Oil was lower as the exuberance surrounding the weekend’s OPEC+ deal faded and the reality that it was only extended for one month sank in. But CAD was firmer anyway.
I talked about Germany’s trade balance yesterday. It’s interesting but probably not market-affecting so I won’t repeat it today.
Eurozone GDP is rarely revised, and if it is, only by ±10 bps, so that’s not market-affecting either.
Then we come to the National Federation of Independent Businesses (NFIB), the small-business association. This indicator, like the consumer confidence indices, didn’t get down to the levels of the Global Financial Crisis despite the extraordinary conditions the world found itself in. This is no doubt a testament to the quick & massive emergency aid that was put in place by both the Fed and the government.
The “hiring plans” index, which comes out before the overall index, turned up slightly in May. A good sign.
The Job Openings and Labor Turnover Survey (JOLTS) job openings for April is (are?) expected to fall. How much it falls – or whether it falls at all — will be an important indicator of exactly how accurate the drop in the US unemployment rate for May was.
In any case, the forecast rate is just back to the level of a few years ago, which I think is amazing – given all the uncertainty, I wouldn’t have been surprised if there were zero job openings in April.
Then that’s it until Japan comes in. Japan producer price index (PPI) is expected to show deflation at the factory gate level. One of the big debates concerning the economic impact of the virus is whether it’s going to be deflationary or inflationary. So far, all the signs are deflationary – any inflation will only come later, as the velocity of money picks up.
Japan’s machinery orders were largely trendless up to March, but are expected to suffer a big drop in April. Pretty much the same pattern for everything in the world.

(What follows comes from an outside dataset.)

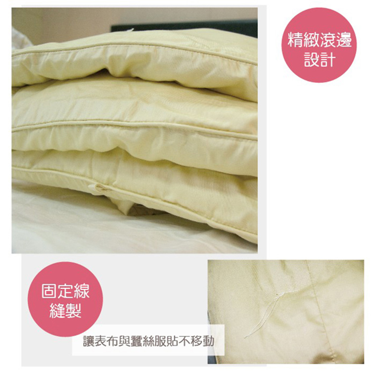 ◎蠶絲被特性1.吸濕保暖性佳 : 蠶絲為動物蛋白質纖維,冬季可預防濕寒氣透入,能迅速吸收並散發人體汗氣,強韌而保暖2.強韌性 : 蠶絲纖維極長而強韌,因此經久耐用,決不斷絲3.質地輕柔,防蹣抗菌 : 觸感柔順細緻,不結塊,透氣不悶熱,服貼較不引起過敏,患有呼吸疾病或過敏體質者尤其適用

Speaking of deflation, China’s PPI is expected to fall further into deflation, while the country’s inflation at the consumer price (CPI) level slows somewhat. China’s PPI has global importance, because that’s the price that China charges for its exports (the CPI on the other hand is mostly a reflection of China’s food prices and has no global implications). A falling PPI means the price of imports from China will be falling everywhere – increased downward pressure on domestic prices as well.